Content starts

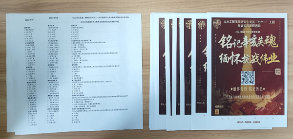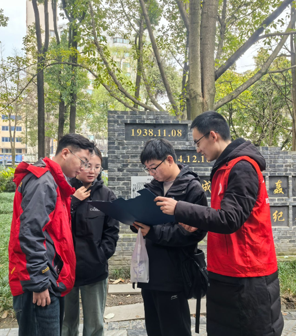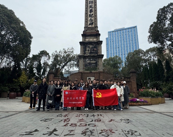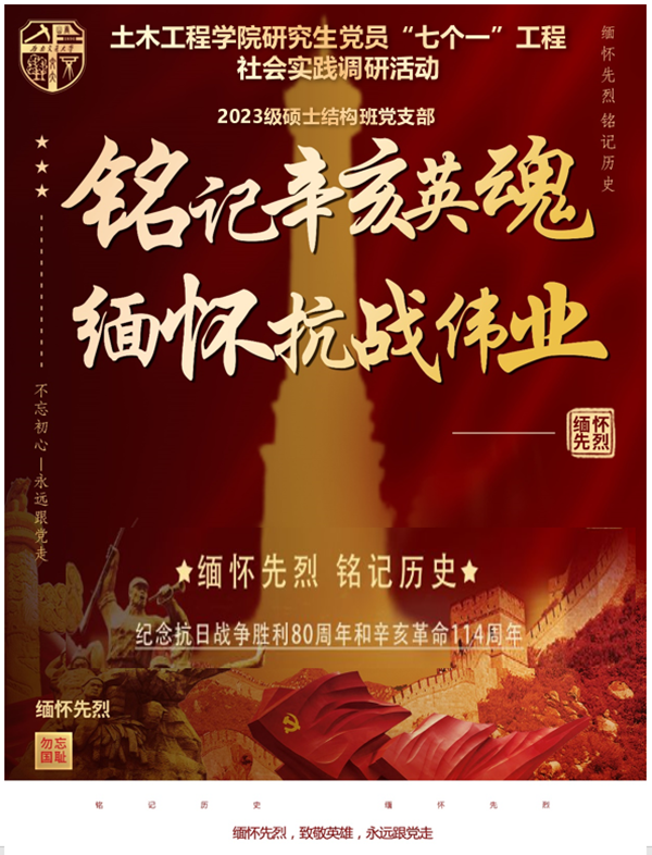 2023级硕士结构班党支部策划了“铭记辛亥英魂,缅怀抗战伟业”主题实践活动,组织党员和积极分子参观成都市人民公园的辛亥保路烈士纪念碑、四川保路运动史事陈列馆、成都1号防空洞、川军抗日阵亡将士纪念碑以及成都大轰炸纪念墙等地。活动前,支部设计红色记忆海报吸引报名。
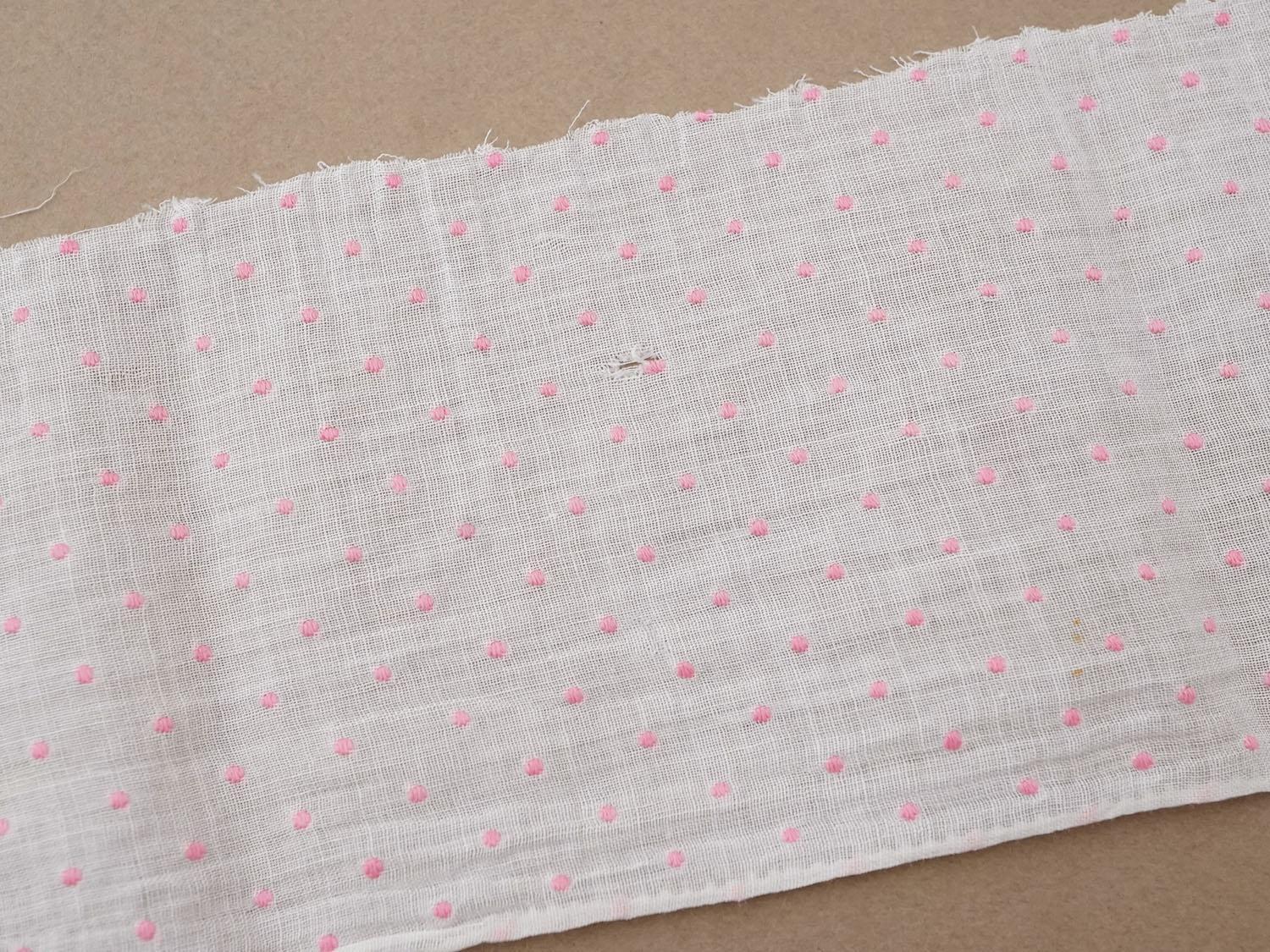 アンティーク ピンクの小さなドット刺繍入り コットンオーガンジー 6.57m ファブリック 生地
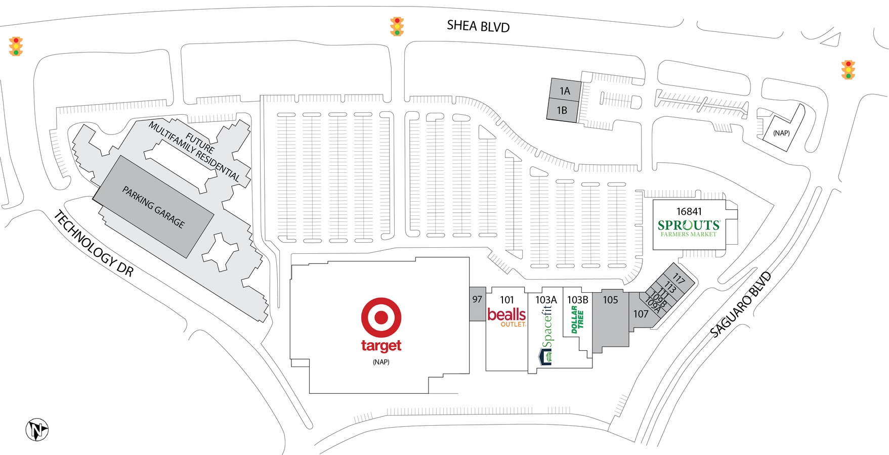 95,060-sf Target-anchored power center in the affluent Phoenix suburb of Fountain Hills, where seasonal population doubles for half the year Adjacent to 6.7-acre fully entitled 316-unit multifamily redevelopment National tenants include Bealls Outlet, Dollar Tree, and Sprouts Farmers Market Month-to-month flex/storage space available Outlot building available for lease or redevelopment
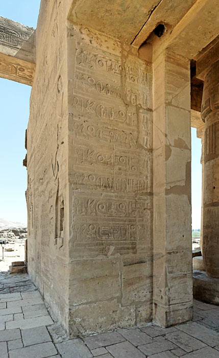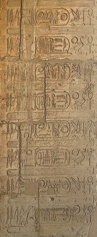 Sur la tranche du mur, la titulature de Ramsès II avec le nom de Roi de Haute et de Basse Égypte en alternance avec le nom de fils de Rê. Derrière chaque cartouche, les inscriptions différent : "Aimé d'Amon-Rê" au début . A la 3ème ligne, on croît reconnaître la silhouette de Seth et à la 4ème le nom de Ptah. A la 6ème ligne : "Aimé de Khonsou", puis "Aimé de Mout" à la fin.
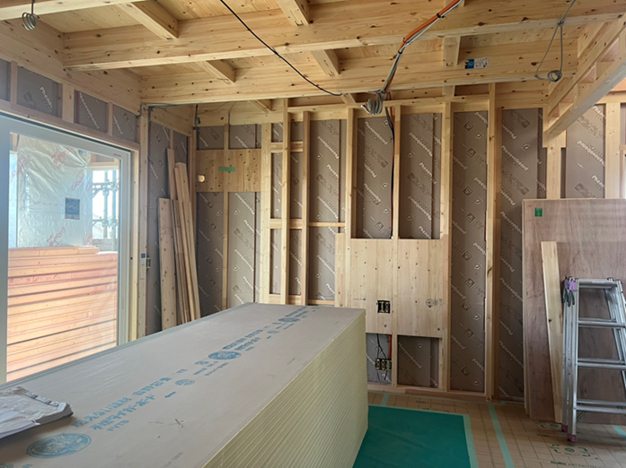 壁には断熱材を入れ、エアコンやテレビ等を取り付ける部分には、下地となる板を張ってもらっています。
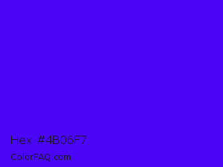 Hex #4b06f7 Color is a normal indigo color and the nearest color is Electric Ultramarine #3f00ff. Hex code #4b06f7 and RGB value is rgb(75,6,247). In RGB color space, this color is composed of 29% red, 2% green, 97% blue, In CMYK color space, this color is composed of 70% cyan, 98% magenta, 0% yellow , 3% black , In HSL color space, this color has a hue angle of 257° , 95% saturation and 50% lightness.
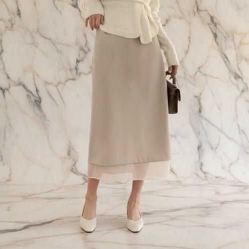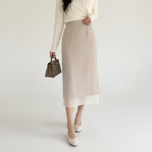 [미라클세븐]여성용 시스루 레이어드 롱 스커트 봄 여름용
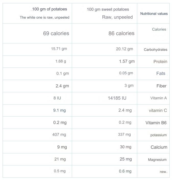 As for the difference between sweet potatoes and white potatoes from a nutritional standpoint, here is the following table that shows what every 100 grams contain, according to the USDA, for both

Content ends

* **WORK ITEM**
In the listing above, find the line containing "95,060-sf Target-anchored power" and the line containing "壁には断熱材を入れ、エアコン". Print those two lines and every line between them exactly, with no pictures.

* **SOLUTION TO THE PROBLEM**
 95,060-sf Target-anchored power center in the affluent Phoenix suburb of Fountain Hills, where seasonal population doubles for half the year Adjacent to 6.7-acre fully entitled 316-unit multifamily redevelopment National tenants include Bealls Outlet, Dollar Tree, and Sprouts Farmers Market Month-to-month flex/storage space available Outlot building available for lease or redevelopment
 Sur la tranche du mur, la titulature de Ramsès II avec le nom de Roi de Haute et de Basse Égypte en alternance avec le nom de fils de Rê. Derrière chaque cartouche, les inscriptions différent : "Aimé d'Amon-Rê" au début . A la 3ème ligne, on croît reconnaître la silhouette de Seth et à la 4ème le nom de Ptah. A la 6ème ligne : "Aimé de Khonsou", puis "Aimé de Mout" à la fin.
 壁には断熱材を入れ、エアコンやテレビ等を取り付ける部分には、下地となる板を張ってもらっています。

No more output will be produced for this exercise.